社会課題の「解決策」を届けるメディアから、ともに未来を「編む」メディアへ。IDEAS FOR GOODがサイトをリニューアル
アーティクル株式会社

記事を読む場所から、問いに参加し、未来をともに考える場へ
アーティクル株式会社(旧社名ハーチ株式会社、本社:東京都港区、代表取締役:加藤 佑、以下「アーティクル」)が運営する、社会を「もっと」よくするためのアイデアを集めたウェブマガジン「IDEAS FOR GOOD」は2026年6月、ウェブサイトをリニューアルいたしました。

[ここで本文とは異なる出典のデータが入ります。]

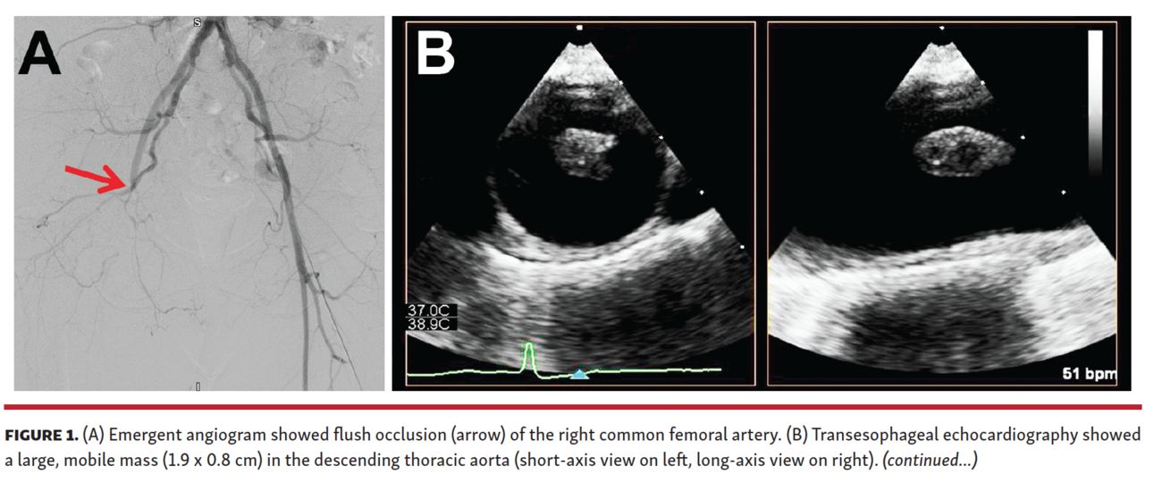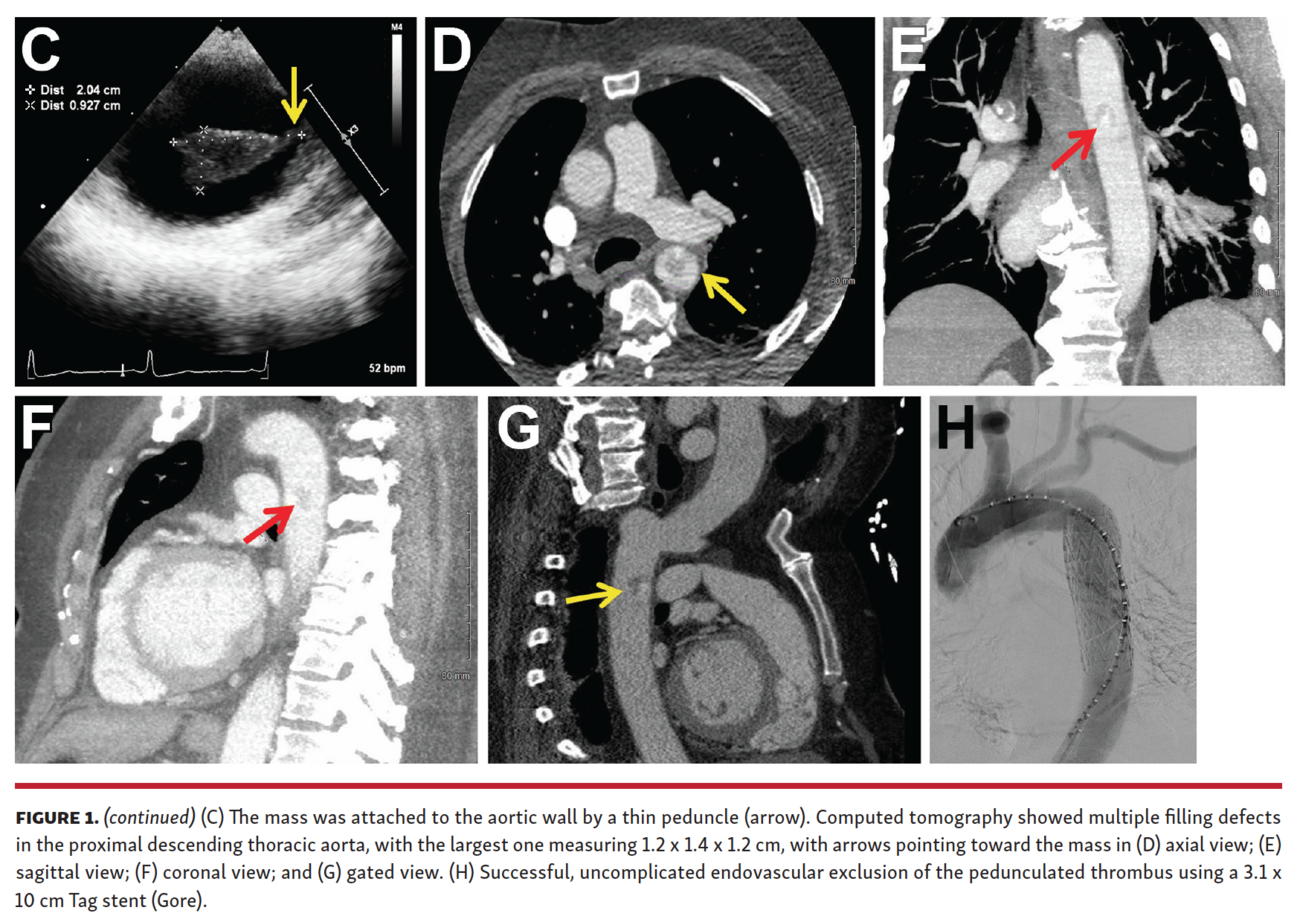 A 57-year-old woman was suspected of having embolic acute limb ischemia. An emergent angiogram showed flush occlusion of the right common femoral artery (Figure 1A). Surgical embolectomy was performed successfully, and pathology confirmed that the evacuated specimen was a blood coagulum. An exhaustive work-up for the embolic source was unrevealing until a transesophageal echocardiogram was obtained that showed a large, mobile mass (1.9 x 0.8 cm) in the descending thoracic aorta (Figure 1B; Videos 1 and 2) attached to the aortic wall by a thin peduncle (Figure 1C). Computed tomography showed multiple filling defects in the proximal descending thoracic aorta (Figures 1D-1G), with the largest measuring 1.2 x 1.4 x 1.2 cm. A complete hypercoagulable panel and age-appropriate cancer screening were both negative. The etiology of the mass was unclear; however, given the thromboembolic event, she underwent a successful, uncomplicated endovascular exclusion of the pedunculated thrombus using a 3.1 x 10 cm Tag stent (Gore) (Figure 1H). She was discharged on warfarin with a goal international normalized ratio of 2-3.

社会を“もっと”素敵な場所に──そんな想いを胸に2016年に創刊したウェブマガジン「
IDEAS FOR GOOD」。私たちはこれまで、気候変動や循環経済、ジェンダー、人権、地域、教育、テクノロジーなどをテーマに、世界各地で社会課題に向き合う企業、自治体、実践者、市民の取り組みを発信してきました。
戦争や災害、不祥事など、問題を伝えるニュースが絶え間なく流れるなかで、IDEAS FOR GOODが光を当ててきたのは、課題そのものだけではありません。その先で未来を変えようとする人々の創造的な実践、まだ小さくとも確かに芽吹いている希望、そして「こんな世界が見てみたい」と思わせるアイデアです。
一人でも多くの人にインスピレーションを届け、次の行動のきっかけをつくりたい。記事を通じて、社会をよりよい未来へ前進させたい。そんな願いのもと、IDEAS FOR GOODは約10年にわたり、希望あるアイデアと人々の声を届けてきました。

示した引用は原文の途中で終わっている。